CHICAGO (Reuters) - U.S. Catholic Archbishop Fulton Sheen, one of the world's first televangelists, has moved closer to sainthood after a team of theologians agreed a reported miracle should be attributed to his intercession, church officials said on Wednesday.

The miracle attributed to Sheen involved a baby born in September 2010, according to a statement from the Diocese of Peoria, Illinois, where Sheen once served as a priest.

The baby boy showed no signs of life for an hour after birth as medical professionals tried to revive him, the diocese said. The child's family sought Sheen's intercession, and the baby was restored to life, the statement said.

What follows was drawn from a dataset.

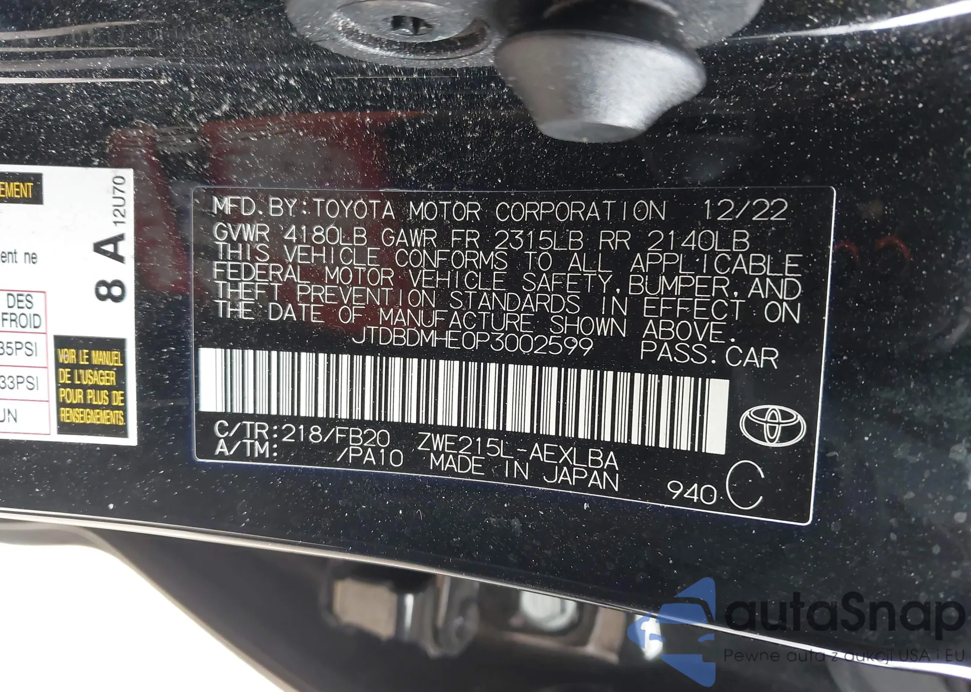 LOT: 44446938 VIN: JTDBDMHE0P3002599
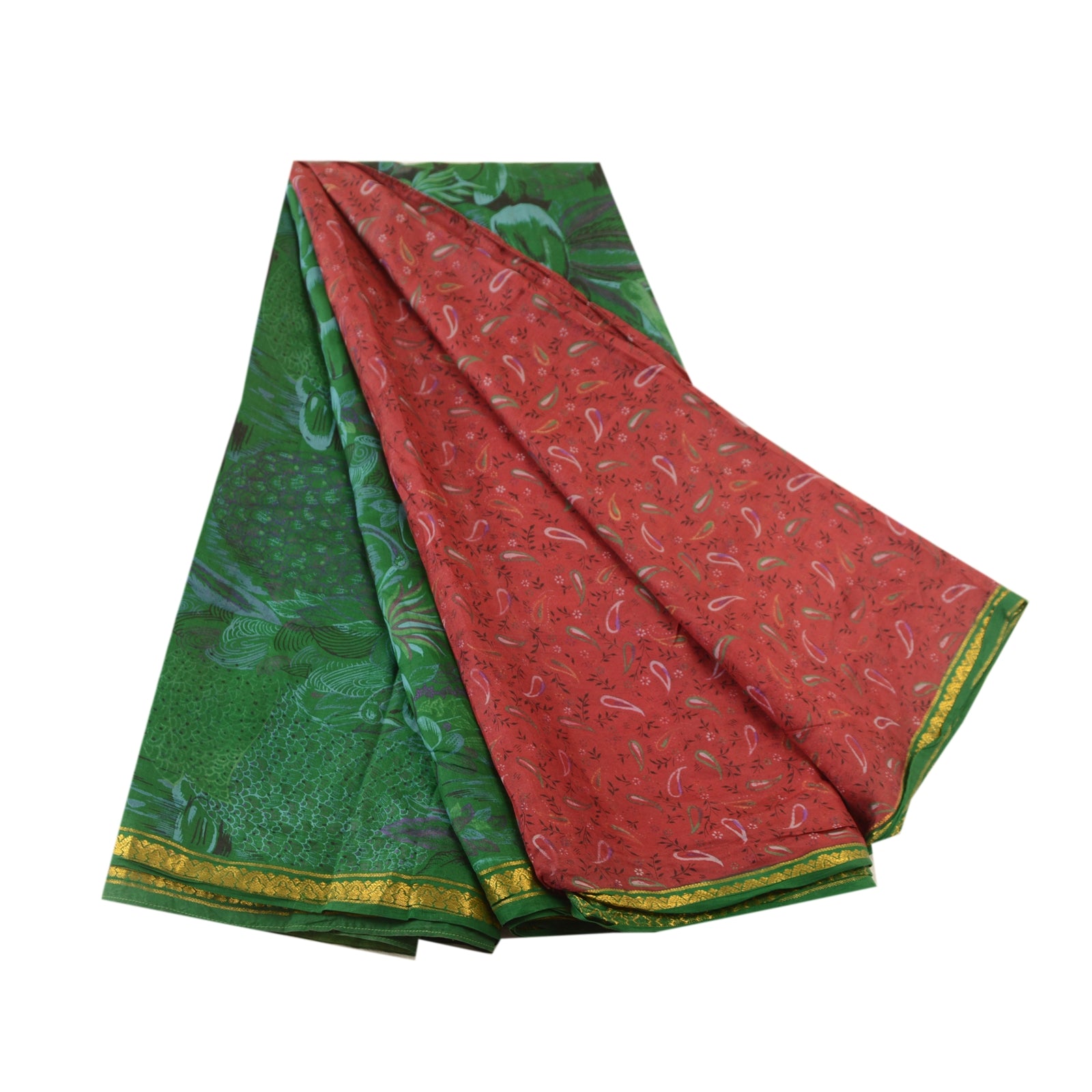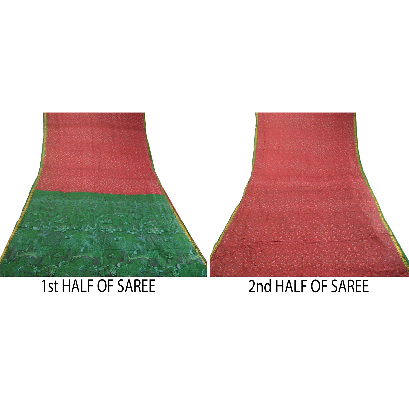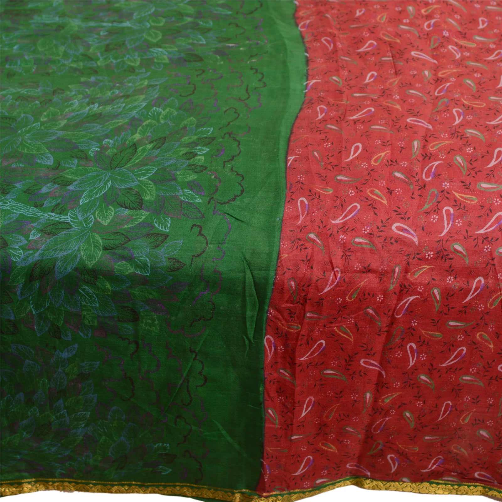 Sanskriti Vintage Sarees Red Zari Border Pure Silk Printed Sari 5yd Craft Sustainable Fabric

The theologians had reviewed a previous analysis in March by a team of doctors, who found there was no natural explanation for the baby's revival, said Monsignor Stanley Deptula of Peoria, director of the Archbishop Fulton John Sheen Foundation.

"Clearly, God performed this action through Fulton Sheen's prayers," Deptula said of the commission's finding.

The theologians' findings will next be reviewed by the cardinals and bishops who advise the pope on causes for sainthood, and they could make their finding this autumn, Deptula said. Pope Francis would then have to affirm the miracle in order for Sheen to be beatified.

A second affirmed miracle would lead to Sheen being declared a saint. If Sheen is beatified, he would be the first man born in the United States to receive the honor, Deptula said.

Sheen, who died in 1979, gained fame both as the host of "The Catholic Hour" radio program from 1930 to 1950 and the 1950s television show "Life is Worth Living." Sheen also had been bishop of Rochester, New York.